Give the records again word for word. Leave every picture out.

Extracted data entries:
Content starts
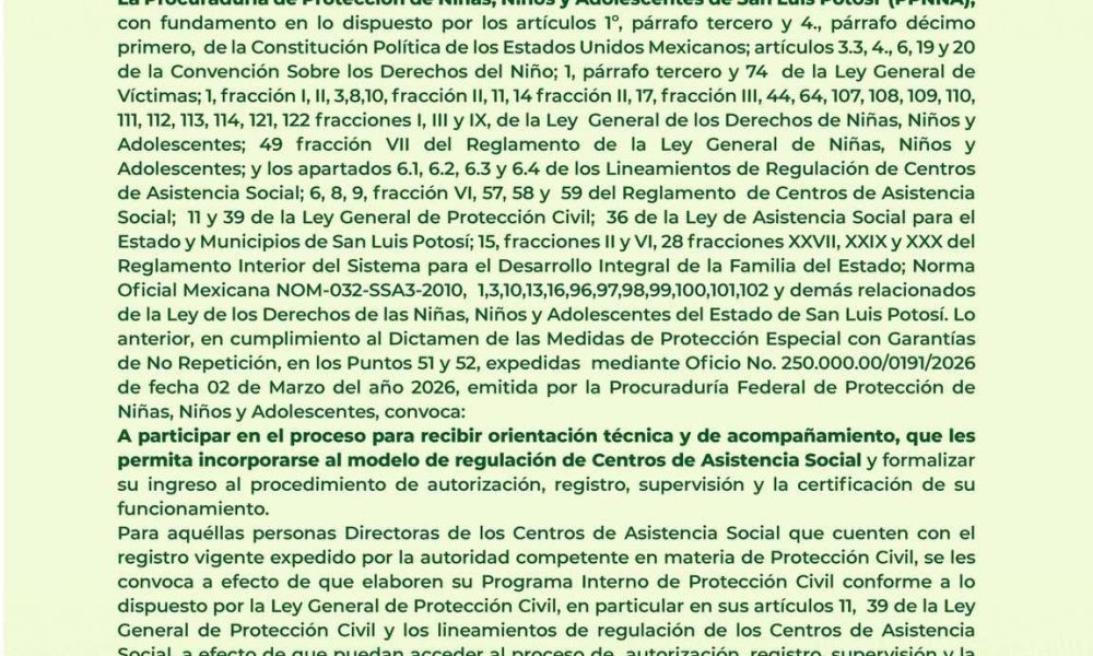 La convocatoria tiene como objetivo fortalecer la protección y garantizar entornos seguros para niñas, niños y adolescentes en acogimiento residencial
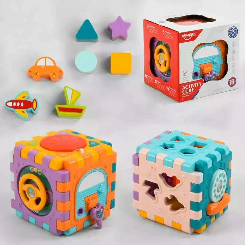 Логічний куб НЕ 0530 (12) на батарейках, підсвічування, мелодії, звуки тварин, сортер, в коробці
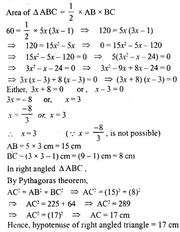 The sides of a right angled triangle containing the right angle are 5x cm and (3x – 1) cm. Calculate the length of the hypotenuse of the triangle if its area is 60 cm².
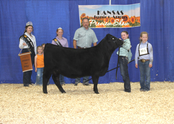 Navinsky Bros Elsa 4959 won grand champion bred-and-owned female at the 2025 Kansas Junior Angus Association Preview Show, June 7-8 in Hutchinson, Kan. Cohen Navinsky, Easton, Kan., owns the April 2024 daughter of STAG Good Times 201 ET. Jim Pipkin, Republic, Mo., evaluated the 102 entries. Photo by Jeff Mafi, American Angus Association.
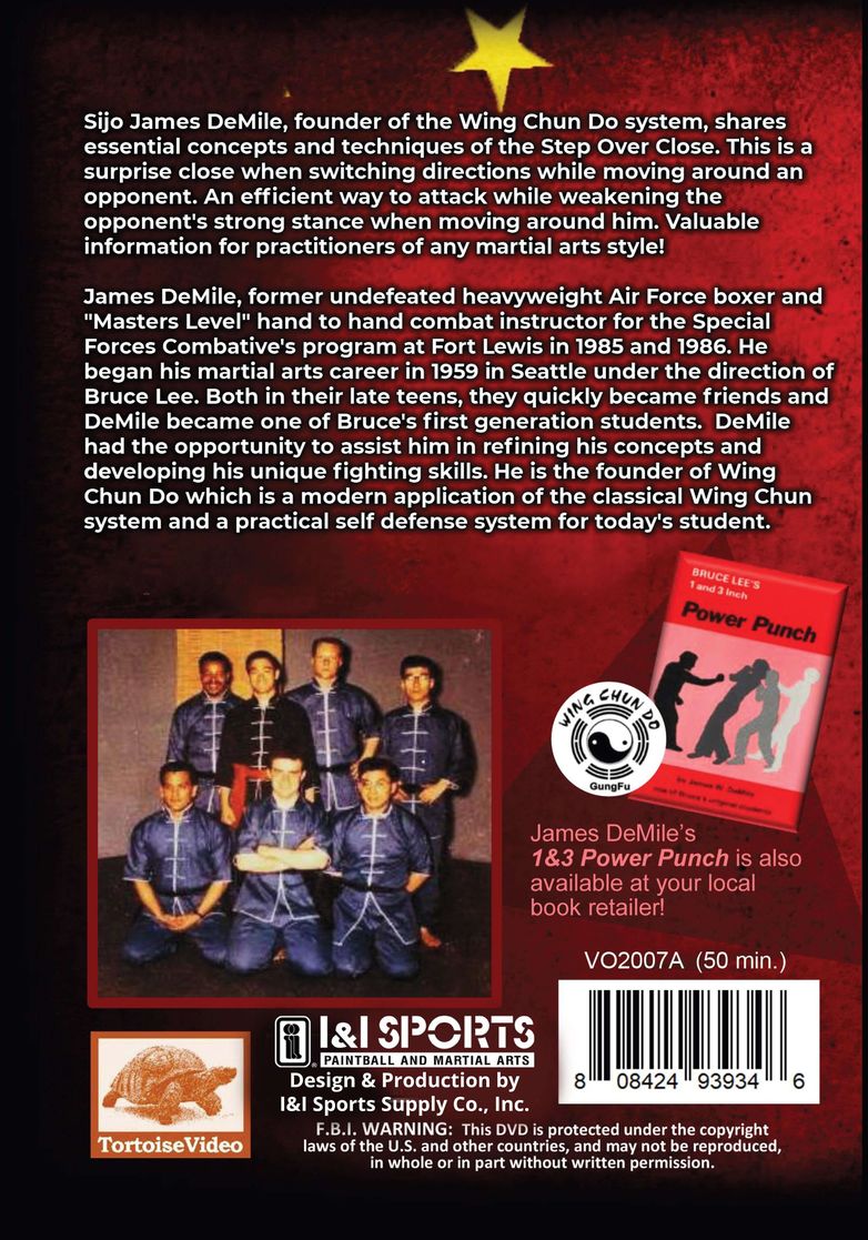 Sijo James DeMile; founder of the Wing Chun Do system, shares essential concepts and techniques of the Skip A Step Close. Very effective against tall or large framed opponents. An excellent close for kickers who want to surprise their opponent or for setting up an opponent from long range. Valuable information for practitioners of any martial arts style! 2003 39 min.
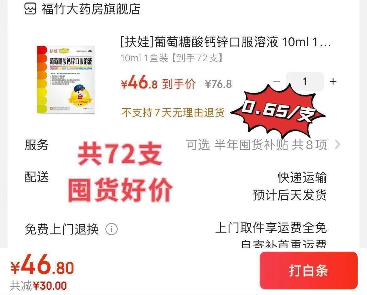 46元.872支0.65元/支!扶娃史低 扶娃 葡萄糖酸钙锌口服液10ml*72支 大支装,换季给孩子补钙锌必备! 好单发报员 2025年11月27日 10:26 0 举报 46元.872支0.65元/支!扶娃史低扶娃 葡萄糖酸钙锌口服液10ml*72支https://u.jd.com/W6JsZMc大支装,换季给孩子补钙锌必备! 复制文案
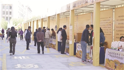 图为塔玛街道塔玛村新世界广场的分会场,市民在展位前挑选采购。拉萨融媒记者次仁卓玛摄
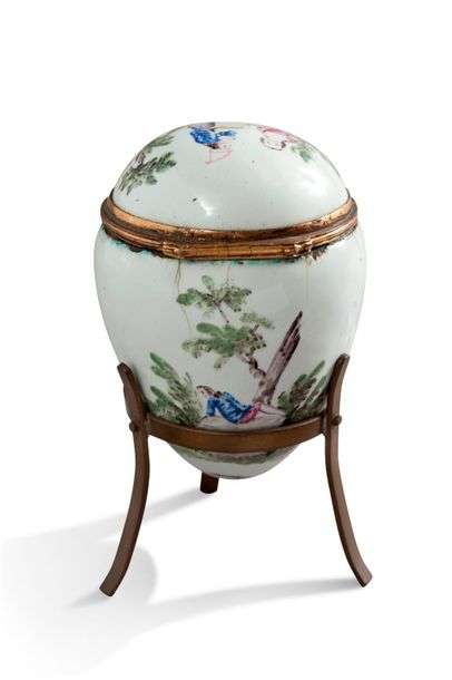ø *PETITE BOITE en forme d'oeuf à décor émaillé de scènes galantes dans des paysages. Monture en bronze ciselé doré. Collection Boin-taburet émail de Saxe. XIXe siècle
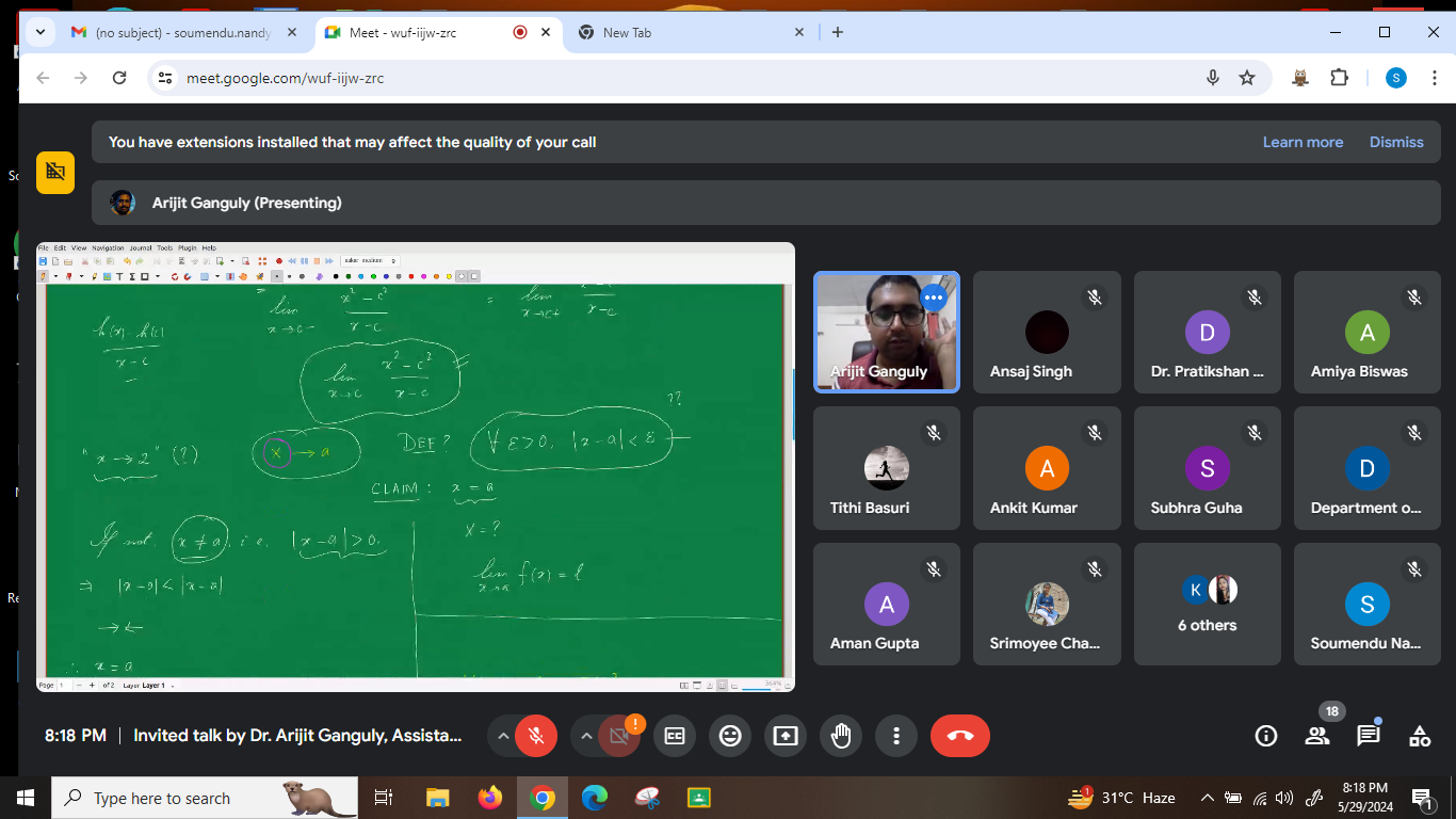 Invited lecture and interactive Session on “Limit of Functions”to be by Department of Mathematics under the DBT STAR COLLEGE SCHEME (Online Mode)
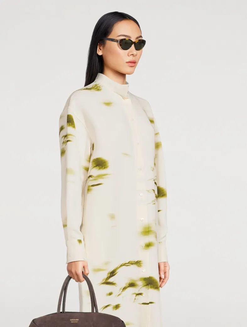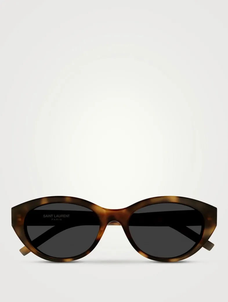 Flaunting a rounded cat-eye shape, these sunglasses are made in Italy with recycled acetate frames, nylon lenses, and wide temples. Finished with the iconic Cassandre monogram hinge at the temples.
Content ends
SOLUTION TO THIS PROBLEM ::
 La convocatoria tiene como objetivo fortalecer la protección y garantizar entornos seguros para niñas, niños y adolescentes en acogimiento residencial
 Логічний куб НЕ 0530 (12) на батарейках, підсвічування, мелодії, звуки тварин, сортер, в коробці
 The sides of a right angled triangle containing the right angle are 5x cm and (3x – 1) cm. Calculate the length of the hypotenuse of the triangle if its area is 60 cm².
 Navinsky Bros Elsa 4959 won grand champion bred-and-owned female at the 2025 Kansas Junior Angus Association Preview Show, June 7-8 in Hutchinson, Kan. Cohen Navinsky, Easton, Kan., owns the April 2024 daughter of STAG Good Times 201 ET. Jim Pipkin, Republic, Mo., evaluated the 102 entries. Photo by Jeff Mafi, American Angus Association.
 Sijo James DeMile; founder of the Wing Chun Do system, shares essential concepts and techniques of the Skip A Step Close. Very effective against tall or large framed opponents. An excellent close for kickers who want to surprise their opponent or for setting up an opponent from long range. Valuable information for practitioners of any martial arts style! 2003 39 min.
 46元.872支0.65元/支!扶娃史低 扶娃 葡萄糖酸钙锌口服液10ml*72支 大支装,换季给孩子补钙锌必备! 好单发报员 2025年11月27日 10:26 0 举报 46元.872支0.65元/支!扶娃史低扶娃 葡萄糖酸钙锌口服液10ml*72支https://u.jd.com/W6JsZMc大支装,换季给孩子补钙锌必备! 复制文案
 图为塔玛街道塔玛村新世界广场的分会场,市民在展位前挑选采购。拉萨融媒记者次仁卓玛摄
ø *PETITE BOITE en forme d'oeuf à décor émaillé de scènes galantes dans des paysages. Monture en bronze ciselé doré. Collection Boin-taburet émail de Saxe. XIXe siècle
 Invited lecture and interactive Session on “Limit of Functions”to be by Department of Mathematics under the DBT STAR COLLEGE SCHEME (Online Mode)
 Flaunting a rounded cat-eye shape, these sunglasses are made in Italy with recycled acetate frames, nylon lenses, and wide temples. Finished with the iconic Cassandre monogram hinge at the temples.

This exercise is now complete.